While 64 percent of the 236 organizations across the country that responded reported more income, 66 percent said they had higher costs for health and liability insurance as well as for wages and salaries and other expenses.
More than half of the respondents reported being in "severe" or "very severe" financial stress.
"The nonprofit sector has been successful in coping, reducing its costs at the same time it has increased its service offerings, but it is under incredible pressure from things it cannot control," said Lester M. Salamon, director of the Center for Civil Society Studies at Johns Hopkins University, which conducted the survey as part of a new partnership with seven umbrella groups for nonprofit organizations.
The partnership, the Listening Post Project, has enlisted more than 500 nonprofit organizations working in five service areas -- children and family services, elderly services, community development, museums and theaters -- that have agreed to participate in Internet-based surveys about trends that affect them.
"They have agreed to be our eyes and ears about what's happening to nonprofits in real time, and this is the first of a number of surveys we'll be doing," Mr. Salamon said.
The nonprofit sector is notoriously bereft of data, but in an era in which donors are increasingly demanding accountability and ways to measure effectiveness, organizations are moving fast to try to quantify themselves.
"Hopefully, this project will help make us better understood," said Sorrel Bowman-Rogers, president and chief executive of the Family Service Agency in Phoenix, which participated in the survey.
Family Service ended each of the last three years with a deficit despite having won government contracts for programs dealing with substance abuse and felons re-entering the community and having joined with other nonprofit agencies to reduce costs, Ms. Bowman-Rogers said.
At the same time, demand for Family Service's programs has jumped, she said, because people have stayed unemployed for longer periods than before and unemployment has risen among white-collar workers, a new client group for the agency.
The organization has been forced to use its cash reserves and about one-third of the proceeds of the sale of its building to cover its operating expenses as state budget cuts and a 22 percent increase in health insurance costs last year ate up more than the additional revenues its new services generated.
"One of the drawbacks of increasing funding through contracts is that, yes, it does increase revenues and on paper would create the impression that you're growing and expanding," Ms. Bowman-Rogers said. "But the majority of most contracts just cover the costs of delivering the services, not any of your operational costs."

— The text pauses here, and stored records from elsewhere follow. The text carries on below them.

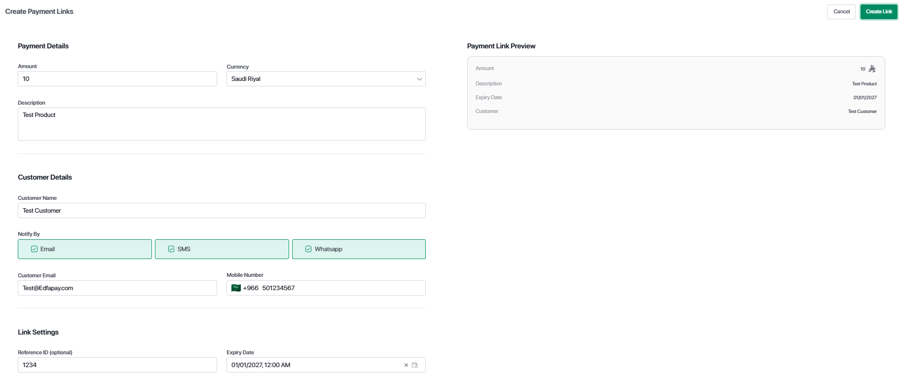 The Create Payment Link page allows merchants to generate a new payment link by entering payment and customer details.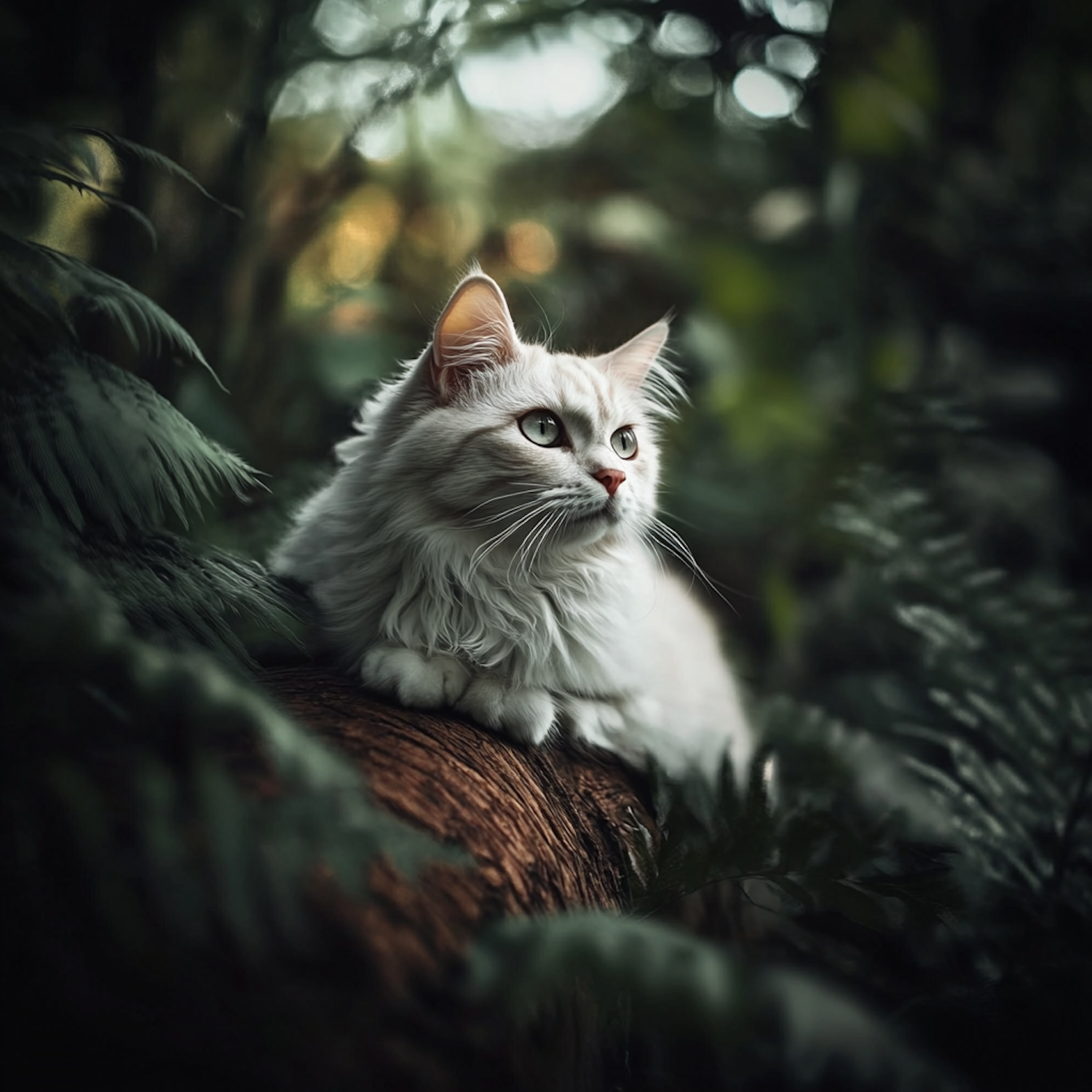 A fluffy white cat with green eyes sits on a log amidst lush greenery, exuding elegance and tranquility in a serene forest setting.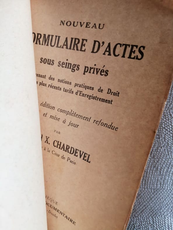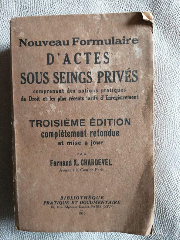 Bibliothèque des ouvrages pratiques Cartonnage d'éditeur 1932 "In-12° cartonnage d'éditeur, 1318 pp. suivies de deux bons de commande, ""supplément au nouveau formulaire d'actes usuels et sous-seings privés"" de 1933 inséré dans le volume ; dos insolé, coins et coiffes légèrement abimés, bon état général Livraison a domicile (La Poste) ou en Mondial Relay sur simple demande."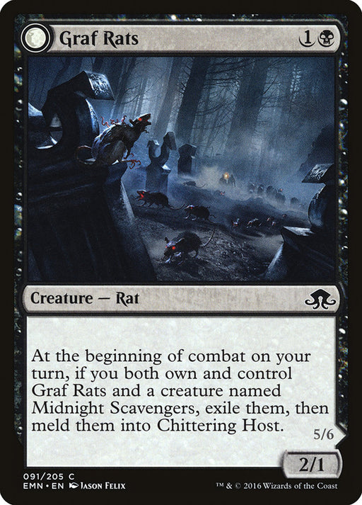 Eldritch MoonEn stockAt the beginning of combat on your turn, if you both own and control Graf Rats and a creature named Midnight Scavengers, exile them, then meld them...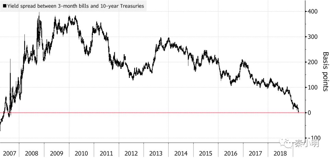 美国3个月和10年期国债收益率2007年后首次倒挂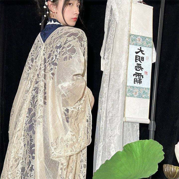 大明恶霸·镂空蕾丝百合花朵开衫外套旗袍搭配薄款宽松日常流苏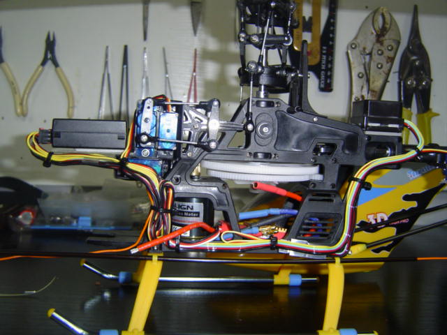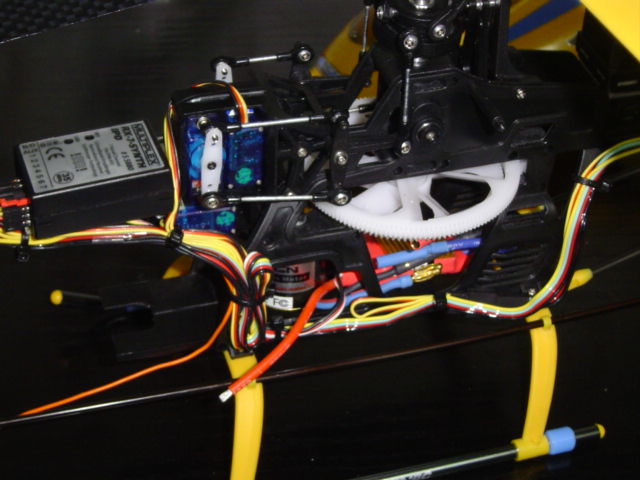 lo he resuelto montando una bandeja junto a los servos, para el receptor, dejando de esta forma espacio suficiente para el variador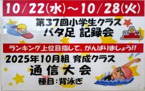 小学生クラスは25mバタ足。育成クラスは25m背泳ぎ・50m背泳ぎになります。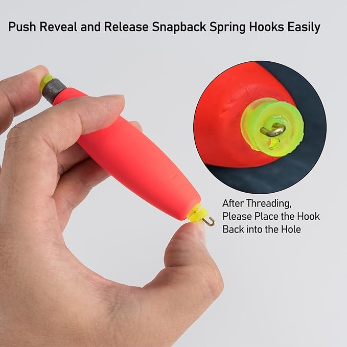 - SNAP-ON FLOATS: Equipped with a heavy-duty spring fixed design, the top and bottom spring hooks can be easily pushed open and release closed, allowing for quick and easy depth setting, keeping the hook and bait at the required depth.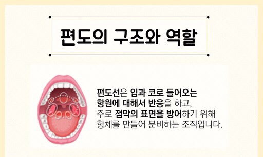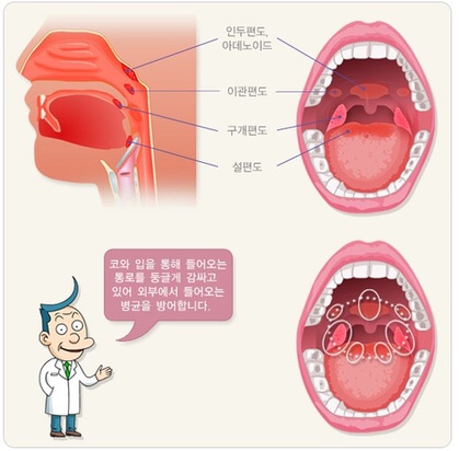 편도선은 외부에서 들어오는 세균이나 바이러스를 막아주는 역할을 해요!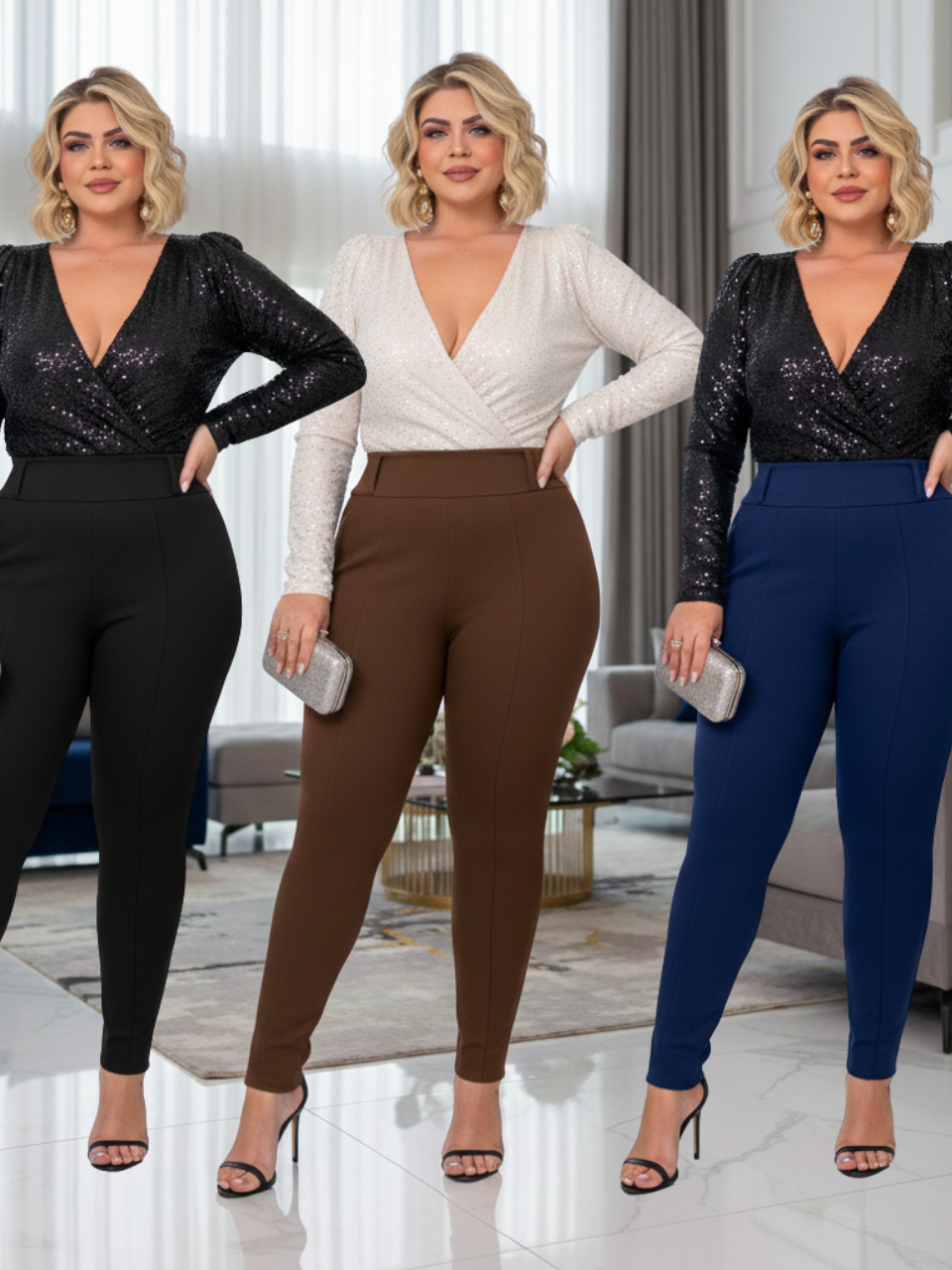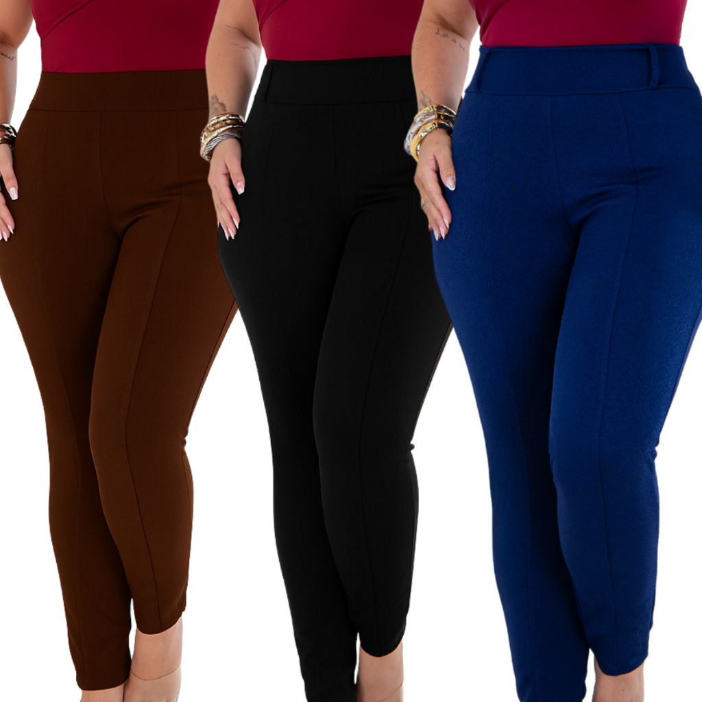 Kit 3 legging montaria feminina plus size casual elastano premium crepe de malha Zero Transparência confortável 44/54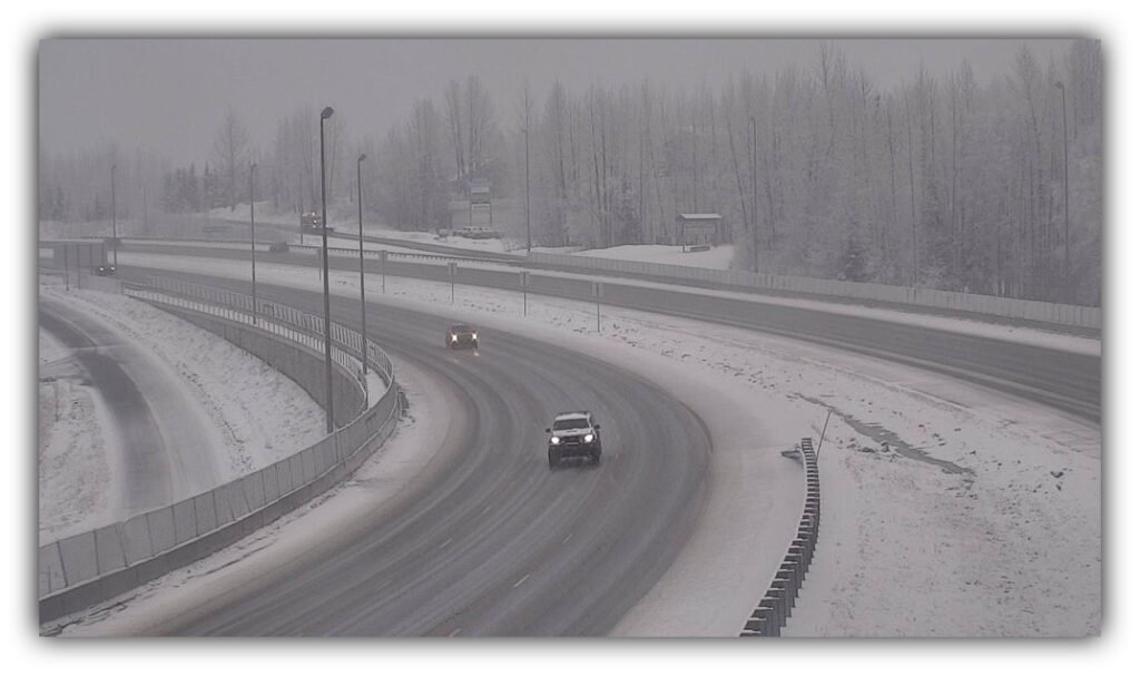 Because out there today, it’s still snowing, visibility is low, and Southcentral roads are staying in full winter mode.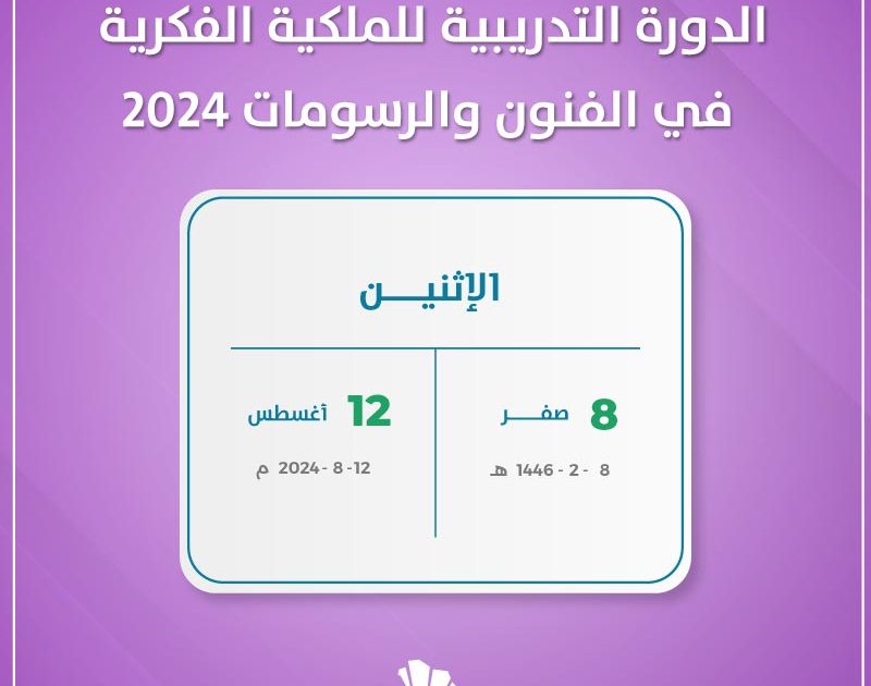 تستعد الهيئة السعودية للملكية الفكرية لاستقبال الدورة التدريبية للملكية الفكرية في الفنون والرسومات 2024 ذلك يوم الثاني عشر من اغسطس 2024 الموافق الثامن من صفر 1446 هجري.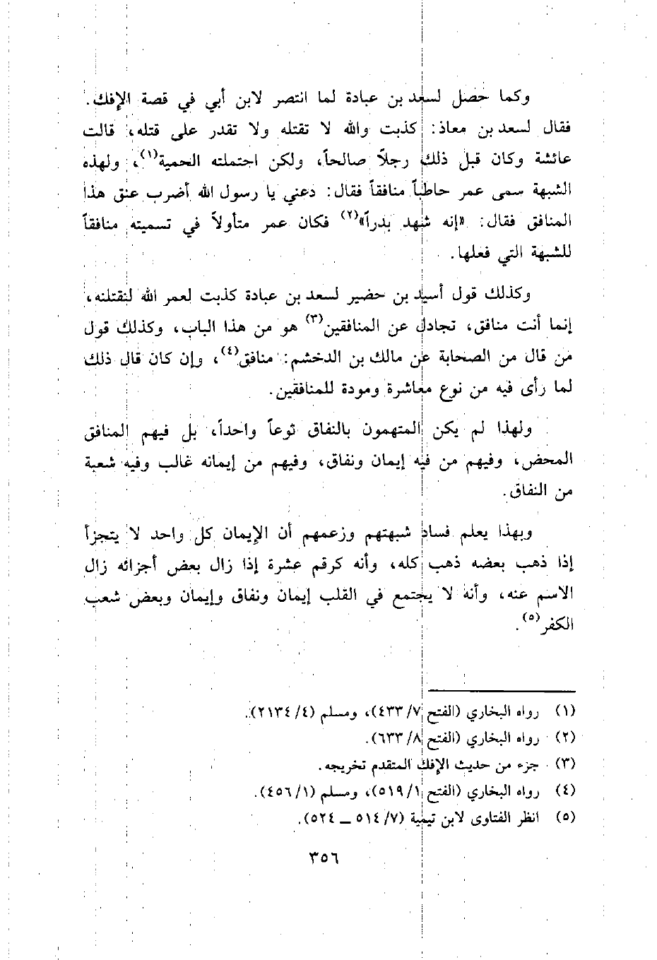 ولهذا لم يكن المتهمون بالنفاق نوعاً واحداً، بل فيهم المنافق المحض، وفيهم من فيه إيمان ونفاق، وفيهم من إيمانه غالب وفيه شعبة من النفاق.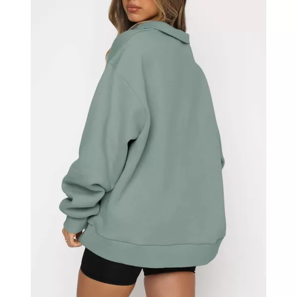 BTFBM Women's Quarter Zip Long Sleeve Sweatshirt Oversized Casual 2023 Fall Winter Fashion Hoodies Pullover Y2K Clothes(Solid Grey Green)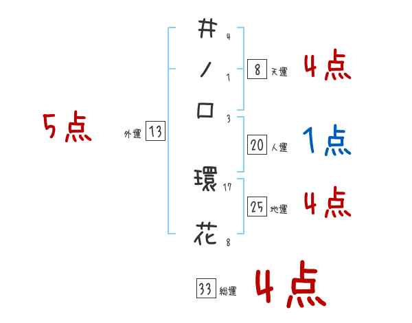 天運![]() | 井ノ口環花さんの天運は8画の4つ星!勤勉家。根気強く努力し成功する。忍耐力がある。 家系が持つ宿命的な運勢を表します。祖先から受け継いだ苗字ですので自分の力が及びません。家柄を象徴します。 |

Mr. Salamon said the survey results suggested that nonprofit organizations had become more market-driven in response to their tight finances. "This was clearly the winning strategy, and it is absolutely a two-edged sword," he said. "It can come at a cost."
For instance, the Nebraska Repertory Theater in Lincoln staged "Lend Me a Tenor," which was a great commercial success.
"There's nothing wrong with it, but it's a box office play," said Jeff Elwell, the theater's executive artistic director. "It means we can do fewer new, hard-hitting plays, which is somewhat discouraging."